Canada – Operating profits of corporations totalled $72.9 billion in the second quarter, down 15.3% compared to the same quarter last year. That’s the worst year-on-year performance since the 2009 recession. Financial industries saw operating profits plummet almost 29% on a year-on-year basis in part due to Alberta’s wildfires which increased insurance claims, while operating profits of non-financial industries were down 7.6%.

Wholesale sales jumped 0.7% in June as gains for sellers of autos, building materials, personal/household goods, and machinery and equipment, more than offset declines for wholesalers of food/beverage, farm and miscellaneous items. In real terms, wholesale sales were up 0.6%, a fourth monthly increase in a row. The volume increases coupled with earlierreported gains in factory shipments should help boost June GDP.

The Survey of Employment, Payrolls and Hours (SEPH), a survey of establishments (unlike the Labour Force Survey which surveys households), showed an increase of 53K jobs in June. That’s the biggest monthly increase in two years. In the first half of the year, the SEPH averaged +13K jobs/month, matching the LFS’s paid component. Weekly earnings rose 0.4% in June although that was not sufficient in preventing the year-on-year wage growth from falling to just 0.5%.

United States – The durable goods report showed new orders jumping 4.4% in July, erasing the prior month’s 4.2% drop. Transportation orders surged 10.5% thanks to sharp increases for civilian aircrafts (+90%) while orders of autos/parts were flat. Excluding transportation, orders were up 1.5%. Total shipments of durable goods rose 0.2%, but those of nondefense capital goods ex-aircraft fell 0.4%, a third decline in a row.

Existing home sales fell 3.2% in July to a four-month low of 5.39 million units. The decrease was largely due to multi-family units (-12.3%), although singles also saw declines (-2% to 4.82 million units). The months supply of homes at current sales rate rose to 4.7 as a result of the poor sales.
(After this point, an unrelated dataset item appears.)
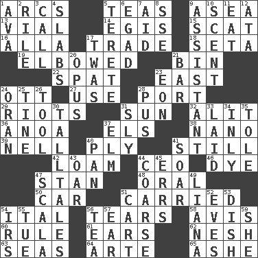 ACROSS 1. Arches 5. Afternoon social gatherings 9. At sea 13. Small bottle 14. Armor plate that protects the chest 15. Scram, to a cat 16. Silent film actress Nazimova 17. Barter 18. Stalk of a moss capsule 19. Shoved, as through a crowd 21. Storage container 22. Argument over a trivial matter 23. 90 degrees 24. Baseball player Mel 27. Purpose 28. Sweet dark-red dessert wine 29. Debaucheries 31. Player for Phoenix 32. Set down 36. Small Philippine buffalo 37. Raised railways 38. Billionth: prefix 39. 1994 drama film starring Jodie Foster 40. Apply oneself diligently 41. Free of sound 42. Rich soil 44. Corporate head (abbr.) 46. Color 47. Comedian Laurel of Laurel & Hardy 48. Relating to the mouth 50. 4-wheeled motor vehicle 51. Borne 54. Slanted text style (abbr.) 56. Rends 58. Opinion 60. Court order 61. Hearing organs 62. Delicate 63. Oceans 64. Johnson of "Laugh-In" 65. American tennis player Robert DOWN 1. Actress Gardner 2. Cause heat under the collar 3. Give a ring to 4. Thick slices 5. Cylindrical with tapered ends 6. Mild oath 7. Help 8. Compass dir. 9. Aide 10. Odor 11. Erode 12. "One Day ___ Time" 17. It was, poetically 20. Musical composition 21. Oblong piece of solid material 23. A really long time 24. Northwest Algerian city 25. Prong on a fork 26. Instrument 28. Product of festering 30. Baron Munchausen's specialties 31. Stealthy 33. Put down 34. In an inward manner 35. Lacquered or enameled metalware 37. Shade tree 40. Baking dish 41. Fly high 43. Rowing implement 44. Rough 45. Blunders 47. Any of the three canals of the cochlea 49. Climbing, woody, usually tropical vines 51. Draw slowly or heavily 52. Nights before holidays 53. Food container 54. Big collection agency 55. Third day of the wk. 56. Beverage made from leaves 57. Ewer handle 59. A female animal or person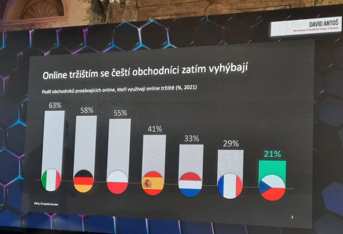 David Antoš, ředitel Boston Consulting Group, představil výzkum, ve kterém bylo dotazováno 500 lidí na názor na česká tržiště (bez kategorie potravin). Česko je paradoxně podle něj ve vývoji co se online tržišť týče spíše pozadu, zatímco jinak v online jsme napřed. Podíl obchodníků prodávajících online, kteří využívají v ČR online tržiště, byl loni jen 21 %. Například v Německu je to 58 % a v Polsku 55 %. Naopak z různých průzkumů vyplývá, že máme asi nejvíc e-shopů na hlavu ze všech zemí Evropy.

The median resale price declined to $244,000, but remains 5.3% higher than year-ago levels (+5.4% for singles and +4.1% for multis). Only 21% of sales were made to cash buyers (a multi-month low), while the share of distressed homes in total sales was just 5%, the lowest in years.

New home sales of single family homes surged 12.4% to 654K in July, the highest since October 2007. The months supply of homes at current sales rate fell from 4.9 to a three-year low of 4.3 as a result. However, the median sale price fell to $294,600 (down 5% in the month or -0.5% on a year-on-year basis).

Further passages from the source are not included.